Would you please retype, exactly, the lines of the listing below between the line with "Vodotěsný pouzdro na" and the line with "In the central", inclusive?

───── PROVIDED RECORDS ─────

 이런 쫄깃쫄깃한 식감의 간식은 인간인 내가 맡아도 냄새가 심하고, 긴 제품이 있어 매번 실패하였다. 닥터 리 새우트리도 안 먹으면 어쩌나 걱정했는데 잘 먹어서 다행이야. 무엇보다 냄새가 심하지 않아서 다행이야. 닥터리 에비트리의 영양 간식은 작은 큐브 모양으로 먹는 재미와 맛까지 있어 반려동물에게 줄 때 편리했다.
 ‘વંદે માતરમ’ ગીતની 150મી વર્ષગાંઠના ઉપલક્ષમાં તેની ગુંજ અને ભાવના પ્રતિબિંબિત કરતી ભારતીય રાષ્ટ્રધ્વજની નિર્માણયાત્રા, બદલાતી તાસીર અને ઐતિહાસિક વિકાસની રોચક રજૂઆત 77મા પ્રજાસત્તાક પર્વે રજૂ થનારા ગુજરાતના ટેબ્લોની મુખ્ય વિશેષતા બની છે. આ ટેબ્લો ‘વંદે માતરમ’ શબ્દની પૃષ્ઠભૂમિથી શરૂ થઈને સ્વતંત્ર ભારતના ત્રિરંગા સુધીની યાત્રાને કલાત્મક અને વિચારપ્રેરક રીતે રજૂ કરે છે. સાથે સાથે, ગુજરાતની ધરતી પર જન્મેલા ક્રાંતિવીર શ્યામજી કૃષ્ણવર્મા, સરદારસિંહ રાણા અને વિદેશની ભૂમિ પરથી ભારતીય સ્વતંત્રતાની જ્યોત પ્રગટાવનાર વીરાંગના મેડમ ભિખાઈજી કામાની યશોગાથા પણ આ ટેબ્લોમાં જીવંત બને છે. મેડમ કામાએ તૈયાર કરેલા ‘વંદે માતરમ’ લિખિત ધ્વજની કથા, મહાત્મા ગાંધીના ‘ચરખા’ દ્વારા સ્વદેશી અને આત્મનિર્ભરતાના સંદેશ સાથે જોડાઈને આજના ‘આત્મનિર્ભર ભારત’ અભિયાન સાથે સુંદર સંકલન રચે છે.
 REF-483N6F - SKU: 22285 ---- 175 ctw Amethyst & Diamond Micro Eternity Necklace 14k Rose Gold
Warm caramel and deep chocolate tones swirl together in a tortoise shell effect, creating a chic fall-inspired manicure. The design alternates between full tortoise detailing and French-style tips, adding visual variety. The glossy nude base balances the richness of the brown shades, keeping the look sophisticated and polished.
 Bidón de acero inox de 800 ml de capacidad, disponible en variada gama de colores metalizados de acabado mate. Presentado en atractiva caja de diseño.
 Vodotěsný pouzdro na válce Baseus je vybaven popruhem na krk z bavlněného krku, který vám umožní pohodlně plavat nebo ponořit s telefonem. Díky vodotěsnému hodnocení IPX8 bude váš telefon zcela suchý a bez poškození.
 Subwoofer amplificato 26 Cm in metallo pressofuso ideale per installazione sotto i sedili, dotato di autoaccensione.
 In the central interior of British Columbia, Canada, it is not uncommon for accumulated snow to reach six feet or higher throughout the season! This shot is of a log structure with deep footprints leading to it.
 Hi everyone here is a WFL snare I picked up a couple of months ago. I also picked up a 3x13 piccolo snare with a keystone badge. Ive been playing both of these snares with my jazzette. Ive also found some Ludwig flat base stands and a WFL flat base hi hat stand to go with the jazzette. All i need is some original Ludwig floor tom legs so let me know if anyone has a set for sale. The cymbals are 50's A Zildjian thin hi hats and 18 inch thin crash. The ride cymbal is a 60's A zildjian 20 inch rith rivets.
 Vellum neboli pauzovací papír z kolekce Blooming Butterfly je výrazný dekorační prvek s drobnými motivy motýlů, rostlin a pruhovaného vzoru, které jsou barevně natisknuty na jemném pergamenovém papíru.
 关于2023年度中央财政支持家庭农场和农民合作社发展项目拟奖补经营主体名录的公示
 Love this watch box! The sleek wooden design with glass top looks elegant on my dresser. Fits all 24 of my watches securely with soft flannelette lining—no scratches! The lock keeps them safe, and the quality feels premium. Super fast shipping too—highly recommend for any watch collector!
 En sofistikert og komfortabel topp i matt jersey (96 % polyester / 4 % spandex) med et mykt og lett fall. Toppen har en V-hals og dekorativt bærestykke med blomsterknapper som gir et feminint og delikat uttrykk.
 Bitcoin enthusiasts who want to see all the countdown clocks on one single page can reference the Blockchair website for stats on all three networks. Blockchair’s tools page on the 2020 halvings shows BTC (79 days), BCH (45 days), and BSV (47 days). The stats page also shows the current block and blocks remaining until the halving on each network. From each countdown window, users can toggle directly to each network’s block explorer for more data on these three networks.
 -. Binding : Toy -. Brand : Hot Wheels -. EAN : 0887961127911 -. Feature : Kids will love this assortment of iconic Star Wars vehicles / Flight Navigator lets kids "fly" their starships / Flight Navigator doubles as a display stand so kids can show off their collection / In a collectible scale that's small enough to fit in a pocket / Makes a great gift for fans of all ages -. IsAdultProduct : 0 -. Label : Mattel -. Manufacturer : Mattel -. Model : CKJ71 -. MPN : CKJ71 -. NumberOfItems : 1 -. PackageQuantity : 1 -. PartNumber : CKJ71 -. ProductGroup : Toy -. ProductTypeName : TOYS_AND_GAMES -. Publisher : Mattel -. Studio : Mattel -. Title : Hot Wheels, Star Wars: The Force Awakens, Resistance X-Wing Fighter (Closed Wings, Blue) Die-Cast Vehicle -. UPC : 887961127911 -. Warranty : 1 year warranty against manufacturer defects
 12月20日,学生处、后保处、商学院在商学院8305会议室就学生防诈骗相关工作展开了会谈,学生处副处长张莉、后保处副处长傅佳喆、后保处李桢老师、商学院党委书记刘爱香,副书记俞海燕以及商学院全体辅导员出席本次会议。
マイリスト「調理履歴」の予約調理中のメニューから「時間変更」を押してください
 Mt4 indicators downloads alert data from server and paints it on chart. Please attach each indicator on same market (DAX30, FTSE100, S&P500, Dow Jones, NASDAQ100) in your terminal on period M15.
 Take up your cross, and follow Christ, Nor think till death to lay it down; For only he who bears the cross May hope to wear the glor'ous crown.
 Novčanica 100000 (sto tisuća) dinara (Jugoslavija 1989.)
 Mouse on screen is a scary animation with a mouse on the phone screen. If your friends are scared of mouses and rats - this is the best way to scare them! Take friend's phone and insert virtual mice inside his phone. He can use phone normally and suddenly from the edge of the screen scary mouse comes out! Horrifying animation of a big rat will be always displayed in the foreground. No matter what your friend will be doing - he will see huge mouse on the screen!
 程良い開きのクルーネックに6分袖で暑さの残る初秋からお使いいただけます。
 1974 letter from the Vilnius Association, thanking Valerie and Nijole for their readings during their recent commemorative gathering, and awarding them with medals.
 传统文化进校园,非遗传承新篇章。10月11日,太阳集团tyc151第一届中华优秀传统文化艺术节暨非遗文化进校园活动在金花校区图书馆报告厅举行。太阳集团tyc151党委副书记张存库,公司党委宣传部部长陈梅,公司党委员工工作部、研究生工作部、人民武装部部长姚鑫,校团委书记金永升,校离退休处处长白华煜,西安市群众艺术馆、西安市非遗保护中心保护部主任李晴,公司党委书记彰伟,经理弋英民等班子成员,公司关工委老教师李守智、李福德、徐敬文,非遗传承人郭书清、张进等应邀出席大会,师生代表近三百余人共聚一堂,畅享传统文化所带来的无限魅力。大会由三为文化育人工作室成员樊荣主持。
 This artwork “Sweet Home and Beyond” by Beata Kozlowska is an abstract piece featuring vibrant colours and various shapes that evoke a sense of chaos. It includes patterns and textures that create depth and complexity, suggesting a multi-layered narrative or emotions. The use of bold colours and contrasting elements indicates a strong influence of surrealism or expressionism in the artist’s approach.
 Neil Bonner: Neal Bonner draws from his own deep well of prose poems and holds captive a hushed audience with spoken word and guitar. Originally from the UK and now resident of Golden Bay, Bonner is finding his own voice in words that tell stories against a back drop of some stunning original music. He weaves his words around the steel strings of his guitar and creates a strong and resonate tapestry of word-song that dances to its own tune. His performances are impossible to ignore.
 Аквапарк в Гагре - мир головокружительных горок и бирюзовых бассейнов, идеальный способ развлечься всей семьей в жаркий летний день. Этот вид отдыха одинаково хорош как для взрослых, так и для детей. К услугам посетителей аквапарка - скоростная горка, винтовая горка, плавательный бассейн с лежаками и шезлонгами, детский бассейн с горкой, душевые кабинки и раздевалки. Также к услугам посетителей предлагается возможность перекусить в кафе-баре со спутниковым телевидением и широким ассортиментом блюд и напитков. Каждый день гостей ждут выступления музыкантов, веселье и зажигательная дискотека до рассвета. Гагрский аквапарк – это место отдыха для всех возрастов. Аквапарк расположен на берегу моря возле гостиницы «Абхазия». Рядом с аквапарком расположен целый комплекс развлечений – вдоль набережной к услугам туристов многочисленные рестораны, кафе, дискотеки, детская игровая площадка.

─────

▸ TASK RESPONSE:
 Vodotěsný pouzdro na válce Baseus je vybaven popruhem na krk z bavlněného krku, který vám umožní pohodlně plavat nebo ponořit s telefonem. Díky vodotěsnému hodnocení IPX8 bude váš telefon zcela suchý a bez poškození.
 Subwoofer amplificato 26 Cm in metallo pressofuso ideale per installazione sotto i sedili, dotato di autoaccensione.
 In the central interior of British Columbia, Canada, it is not uncommon for accumulated snow to reach six feet or higher throughout the season! This shot is of a log structure with deep footprints leading to it.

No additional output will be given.